Overall, these study findings provide a possible etiology for how the sustained immune dysfunction observed during convalescence could impair the formation of long-term memory T cells, emphasizing the need to explore memory and regulatory T cell development and function in SARS-CoV-2 infected individuals. There was substantial B cell activation demonstrated by increased frequencies of CD95+, CD69+, and PD1+ B cells in the hospitalized group. This may reflect both the presence of SARSCoV-2 specific B cells responding to antigen and/or bystander B-cell activation. B-cell markers were found to generally return to levels similar to healthy controls, although the sustained presence of FCRL4+ and PD1+ B cells suggests persistence of some degree of B-cell dysregulation.
 
How this dysregulation relates to SARS-CoV-2 antibody responses is unknown.
 
The finding of more pronounced T-cell activation/exhaustion in elderly non-hospitalized SARS-CoV-2 individuals has many potential implications.
 
In acute disease, these findings suggest this group may be at heightened risk for inflammation-mediated pathology. This immune dysfunction may also lead to suboptimal SARS-CoV-2-specific memory responses and increased susceptibility of re-infection.
 
Additional longitudinal studies are needed to better understand the impact of T-cell activation on long term immunity.
 
The study team extended their analysis to separate hospitalized patients that did or did not require intensive care.
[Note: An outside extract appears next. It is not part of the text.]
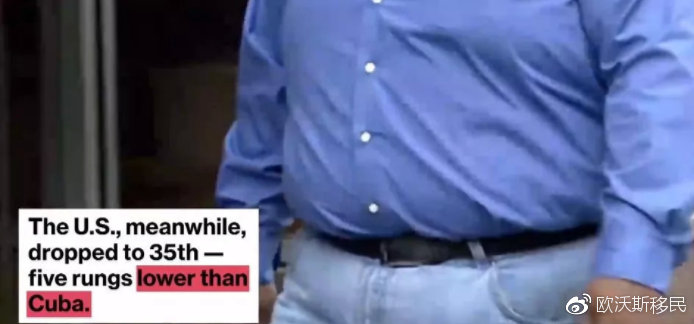 美国作为世界上最发达的国家,它的健康排名却不怎么乐观了,排在了35名,跟去年相比也是下降的。和英国一样,困扰美国健康问题的一大因素就是肥胖。

This revealed several differences in surface markers on T and B cell populations. Not surprisingly, activation markers were more frequently observed in severely infected individuals, in support of recent observations on the expression of HLA-DR and CD38. https://www.ncbi.nlm.nih.gov/pmc/articles/PMC7263500/
 
https://www.ncbi.nlm.nih.gov/pmc/articles/PMC7402634/
 
The study findings are the first report of upregulated PD-L1 in severe COVID-19 patients. Interestingly, it was observed that non-ICU patients had increased expression of CD137.
 
Prior studies observed that CD137 can augment immune responses in acute viral infections, and that blocking CD137 with anti-CD137 antibodies led to increased LCMV infection in the mouse model. https://www.ncbi.nlm.nih.gov/pmc/articles/PMC1974869/
 
The findings suggest CD137 expression may be associated with COVID-19 disease outcomes.
 
Finally, the team found that severely infected COVID-19 patients have increased B-cell expression of CD95 and CD27, and decreased expression of HLA-DR. These findings need to be investigated further to explore possible therapeutic interventions. The prolonged activation we observed, particularly of T cells and monocytes, may be due to the persistence of antigen, either viral RNA and/or protein, despite resolution of symptoms. Support of this can be found from the studies that identified the persistence of viral RNA in SARSCoV-2 patients during the convalescent period. https://pubmed.ncbi.nlm.nih.gov/32147538/
 
https://pubmed.ncbi.nlm.nih.gov/32235945/
 
Antigen presenting cells (APCs) that present viral RNA can cross-prime and activate CD8+ T cells through a TLR3 mechanism, which could be similar to what is occurring in SARS-CoV-2 infected individuals. These data open the door to many interesting mechanistic studies to determine what factors are causing and prolonging immune cell activation https://pubmed.ncbi.nlm.nih.gov/15711573/
 
The B and T cells from both patient cohorts had phenotypes consistent with activation and cellular exhaustion throughout the first two months of infection. And in the non-hospitalized individuals, the activation markers and cellular exhaustion increased over time.
 
 "These findings," Dr Mudd and Dr Remy said in their commentary, "illustrate the persistent nature of the adaptive immune system changes that have been noted in COVID-19 and suggest longer-term effects that may shape the maintenance of immunity to SARS-CoV-2."
 
A key question now being explored, the study team says, is whether these observed immunologic changes are associated with symptoms experienced well beyond the acute infection, often described as "Long COVID."